Astelan cannot be the current Cypher....He is in the Rock, got caught on Piscina if I remember correctly.


----------



## forkmaster (Jan 2, 2010)

Ferrus Manus said:


> fluff wise... theres a theory that Astelan from the HH books is the current Cypher because of all he experienced on Caliban and how Lucius showed him all of Lion'els books
> 
> anyway.. the last reference in date wise i think is from the book "Angels of Darkness" where he creates a cult that destroyes this one planet, but it might not be the latest refrence about him, not sure


So Cypher and Luciius had contact with each other? I for one think the Cypher from Descents of Angels and Fallen Angels which life was spared by the Lion is the same one in the m.40.


----------



## Ferrus Manus (Apr 28, 2008)

first i want to apoligize i got the name mixed up, i meant to say Luther and not Lucius, sorry forkmaster

well im not saying the theory i posted before is the correct one, but its still a theory, you could be right Dark Angel but too the end of "Fallen Angels" Astelan starts to get annoyed with Cypher and threatens him a couple of times + the fact that Luther showed Astelan with Zahriel all the secret books Lion'el Johnson had hid, making him one of the very few people who know the dark angels most biggest secrets which gives good reason for being the cypher


----------



## forkmaster (Jan 2, 2010)

Ferrus Manus said:


> first i want to apoligize i got the name mixed up, i meant to say Luther and not Lucius, sorry forkmaster
> 
> well im not saying the theory i posted before is the correct one, but its still a theory, you could be right Dark Angel but too the end of "Fallen Angels" Astelan starts to get annoyed with Cypher and threatens him a couple of times + the fact that Luther showed Astelan with Zahriel all the secret books Lion'el Johnson had hid, making him one of the very few people who know the dark angels most biggest secrets which gives good reason for being the cypher


Indeed, I think everyone has their own thoughts and ideas and yours could be very much true as mine. =) I read somewhere they are planning at least one more book so hopefully we will get some answers soon.


----------



## cranvill (Jul 20, 2008)

The therory of Cypher and the empore meeting an then the emp remakeing the lion sword only for Cypherto use it to kill him is as old as the game its self and while realy good fluff GW will never openly say it because it will lead into far too many other storey lines. Which in turn will make the game far too complecated for newer and unger player alike as they would then have to start exsplaing about the star child and sensi (spelling) and why the inquistion have been hunting them down all these years.

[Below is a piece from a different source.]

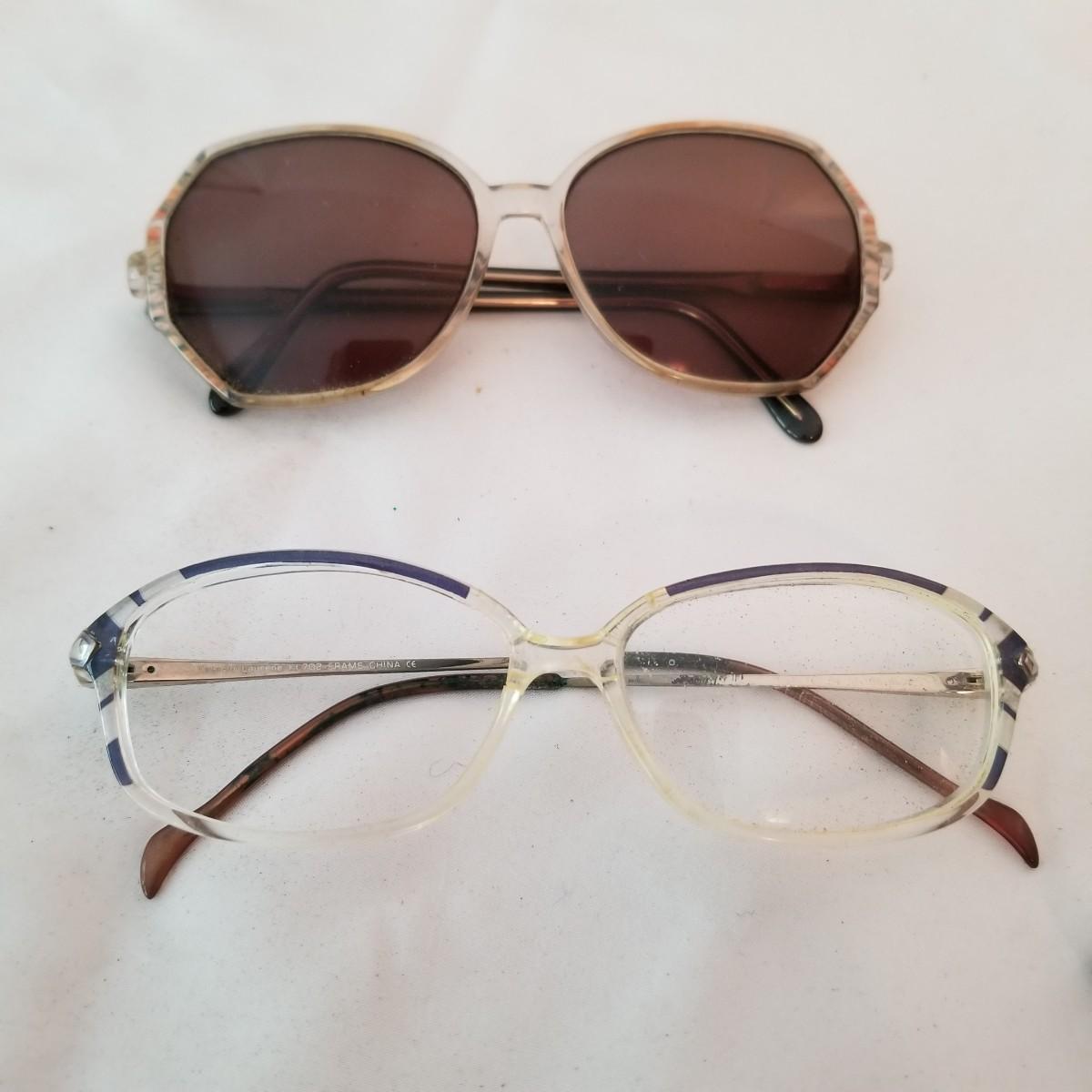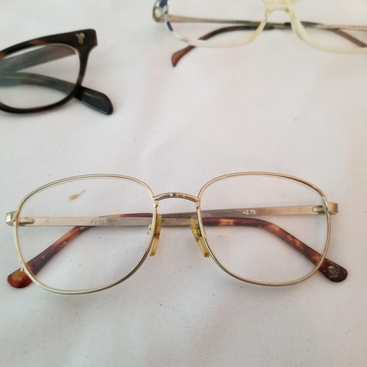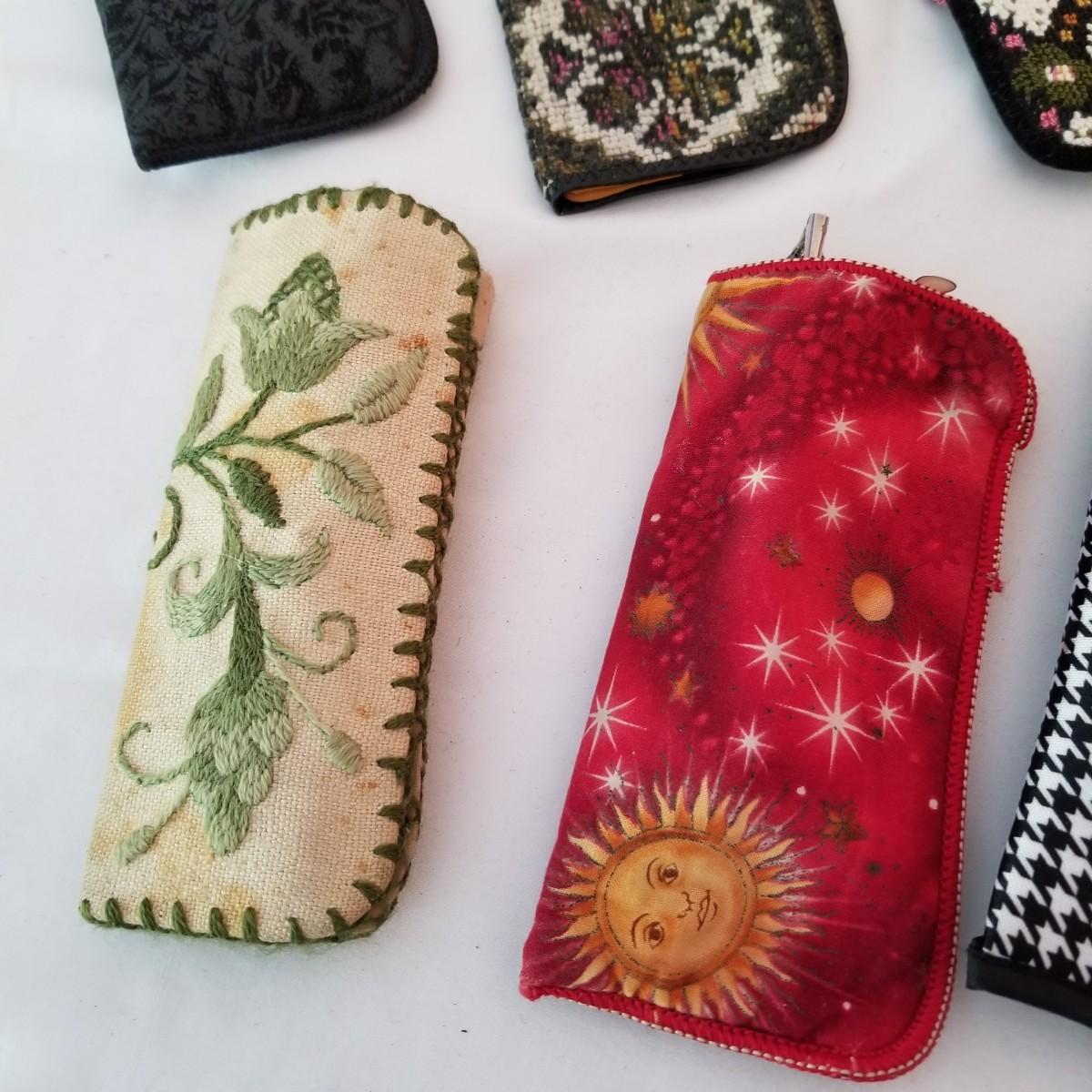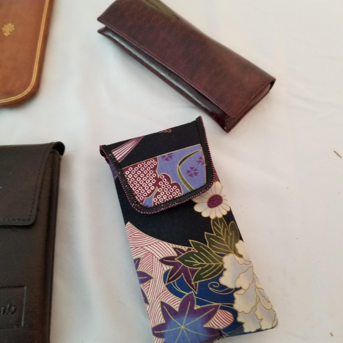 Retro frames and cases plus two desktop eyeglass holders. Ten cloth and pleather cases, seven pairs of mild prescription glasses. See photos for detail. Shipping available.

Chapter master Astellan is indeed caught and and impresened by the dark Angles alongside luther in the Rock so you can rule him out of being Cypher full stop. As for him being the Lion el Jhonson am shure he still sleeping the years away also in the rock acording to very old dark Angle miths so i would hold too close to that idea anyway. Personely i think it could be the current lord Cypher in the books as he seems far too smart,it could be Zahariel but i see him and Nemiel haveing a good set to in any possible book to come.

But hay thats just my ideas on the subject

P.S. The Model and rules for this guy rocked and made for a realy fun game when he tipped up on a gameing board.


----------



## LukeValantine (Dec 2, 2008)

Its obvious what happened to him...death by sithilus.


----------



## cranvill (Jul 20, 2008)

lol that sounds about right lol.


----------